Digital rights groups are criticizing proposals under discussion at the Internet Engineering Task Force (IETF), saying changes affecting automated access to public web data could alter how websites manage crawling and scraping.
According to the source article, the debate centers on automated access to publicly available online information, including crawling and scraping used by journalists, researchers, watchdog organizations, the Internet Archive, and comparison-shopping tools. The source says some companies are seeking changes to IETF technical standards, while critics argue those changes could make it easier for website operators to restrict lawful automated access.
This dispute sits within a broader Policy, Ethics & Law discussion about AI, internet governance, and access to public information. It also overlaps with questions raised in coverage of Google AI Overviews liability and market implications and copyright and publisher disputes discussed on Ctrl-Alt-Speech.
Automated access and public web uses
The source article says automated access supports several lawful and widely used activities. Examples listed in the source include reporting by journalists, research by academics and watchdog organizations, preservation work by the Internet Archive, and automated comparison-shopping tools.
The source also states that the Internet Archive uses crawling to preserve copies of websites. Background on the web's exclusion protocol is available in RFC 9309: The Robots Exclusion Protocol, which documents the current standard for robots.txt.
EFF is quoted in the source as saying: “The ability to access publicly available information using automated tools is a central value and benefit of a free and open internet.”
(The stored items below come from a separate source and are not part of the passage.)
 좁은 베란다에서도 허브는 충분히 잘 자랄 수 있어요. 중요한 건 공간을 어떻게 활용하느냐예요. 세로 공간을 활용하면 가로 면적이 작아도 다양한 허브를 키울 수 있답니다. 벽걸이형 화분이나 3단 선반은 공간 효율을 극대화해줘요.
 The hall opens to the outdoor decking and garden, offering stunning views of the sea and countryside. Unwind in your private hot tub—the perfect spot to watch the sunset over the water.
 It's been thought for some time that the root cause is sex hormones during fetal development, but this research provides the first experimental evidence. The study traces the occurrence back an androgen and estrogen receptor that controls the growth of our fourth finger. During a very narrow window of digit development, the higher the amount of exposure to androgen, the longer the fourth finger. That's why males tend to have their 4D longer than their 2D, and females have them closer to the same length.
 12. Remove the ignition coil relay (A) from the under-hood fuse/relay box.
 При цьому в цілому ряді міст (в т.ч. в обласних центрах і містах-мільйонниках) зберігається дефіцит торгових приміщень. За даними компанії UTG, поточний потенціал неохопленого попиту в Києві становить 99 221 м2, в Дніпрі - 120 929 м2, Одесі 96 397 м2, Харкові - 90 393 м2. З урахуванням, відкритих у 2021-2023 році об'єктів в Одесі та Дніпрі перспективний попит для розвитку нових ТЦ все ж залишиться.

AI Preferences working group
One of the IETF efforts identified in the source is the AI Preferences working group. According to the article, the group is developing proposals that would let publishers express “preference signals” against crawling web data for AI-related purposes.
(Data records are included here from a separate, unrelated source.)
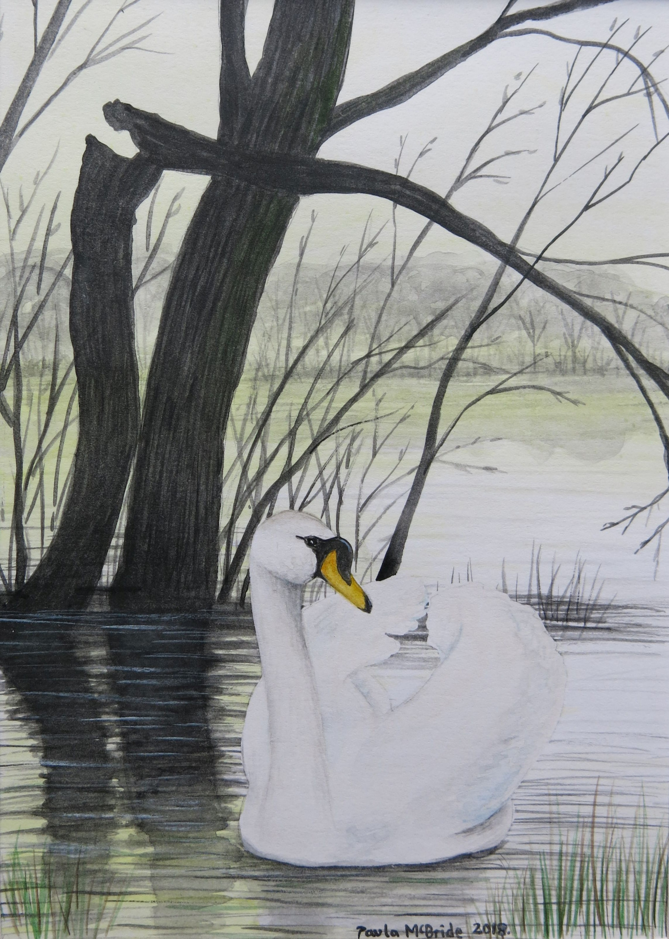 washes and building up the background. By doing this I was able to leave the white paper to show up the swan, which in turn was given some subtle details and shading to make him come alive.
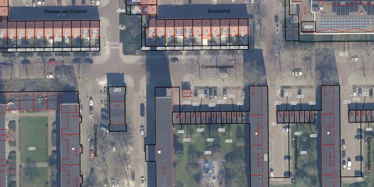 Comeniusstraat 319-T is gelegen op kadastraal perceel STN02D12665. Deze kadastrale aanduiding is uniek en wordt gebruikt door het Kadaster om eigendomsrechten en andere zakelijke rechten vast te leggen. Het perceel maakt onderdeel uit van de kadastrale gemeente Sloten Noord-Holland.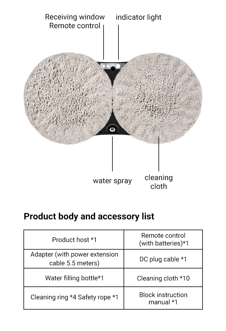 Hey! Friend Please note that this product must be connected to a power source and cannot be recharged. It cannot be used for charging. The battery inside the robot is used to support the safety device and prevent the robot from falling. Power cord + adapter, 1 remote control 2 pairs of cleaning rings (4 pcs) 1 x 4 meter extension pole 1 x 4 meter safety rope 10 cleaning napkins 1 guide (or English guide)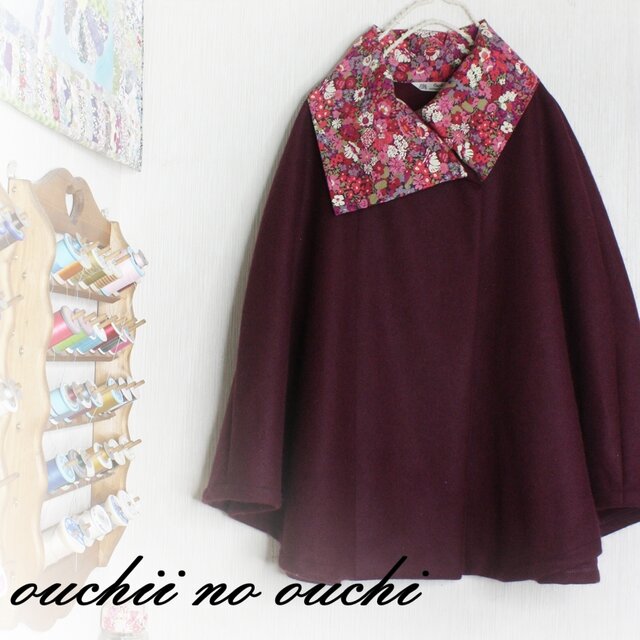 ウール100ボルドー(弱毛羽立ち高級コート生地)とLIBERTYリバティプリント・コーデュロイ Thorpe≫(ソープ) で大き目カラーのポンチョをお作りしました。

The source says those signals would be expressed through robots.txt. It also says the AI-related purposes listed include training models, generating outputs, and helping users search the web. For reference, the IETF maintains official materials for the AI Preferences Working Group.
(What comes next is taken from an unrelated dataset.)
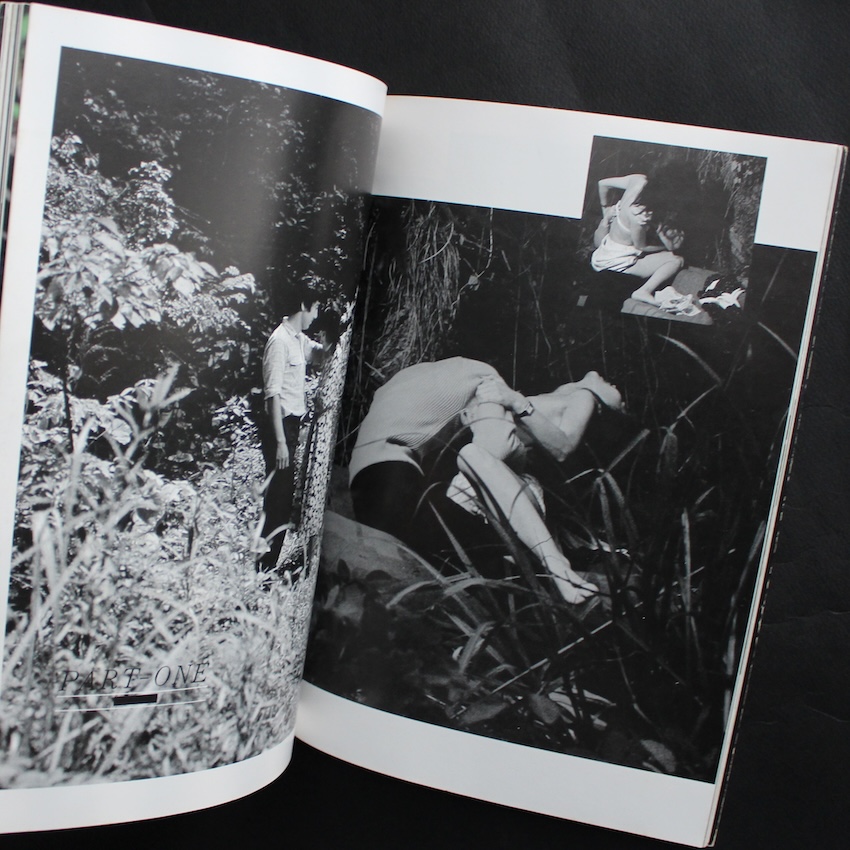 本書は、1980年前後に蒼竜社より刊行されていた雑誌『クールガイ / Cool Guy』の増刊として刊行された『ピーピングラブ / Peeping Love クールガイ増刊』。戦後日本を代表する写真家のひとりで「赤外写真」で名を馳せた吉行耕平。代表作『ドキュメント 公園 / Document Park』は、2007年に海外で改訂版が刊行され、2019年にも版を新たに復刻版が発表され、高い人気を誇っています。また、密写師と呼ばれ、雑誌『写真時代』でも末井昭に取り上げられていた篝一光の『ドキュメント 通勤電車 / Document Commuter Train』なども人気がありますが、時代的にもこのような類の写真が多く扱われていたようです。本書も、その類の一冊で、モノクロ・カラーのイメージが連なります。(地にゾッキ線あり)

The article further claims that these preference signals could potentially become legally binding in some jurisdictions, though the supplied source notes do not identify which jurisdictions.
Web Bot Auth working group
The source also highlights the Web Bot Auth working group. It says that group is pursuing efforts related to protecting sites from bots that strain website resources and is also pursuing standards changes that would enable sites to cryptographically identify bots.
Official information about that effort is available through the IETF's Web Bot Auth Working Group.
According to the source, critics say such identification systems could be used to block competitors, dissidents, or bots that are not licensed or otherwise approved. The source also claims that if crawling were limited to preapproved authenticated bots, websites could require licensing payments for automated access.
Broader policy implications
The source article says website operators increasingly want to block bots that crawl public web content for AI training or operation. It also says AI bots can strain website infrastructure and in some cases degrade performance or take sites offline. In addition, the source states that some publishers are concerned users may rely on AI-generated overviews instead of visiting source websites, a theme that also appears in broader AI Marketing & Search coverage, including G7-related AI access concerns raised by Macron and Modi.
At the same time, the source claims the proposed standards would give websites greater ability to block lawful scraping and crawling, affecting researchers, archivists, startups, accessibility tools, and accountability research.
EFF is quoted in the source as saying: “However reasonable these fears may be, the answer is not to change the IETF standards from neutral protocols that encourage openness to restrictive requirements designed to monetize internet access.” The source also states that EFF and allied groups have resisted some IETF proposals and will continue doing so.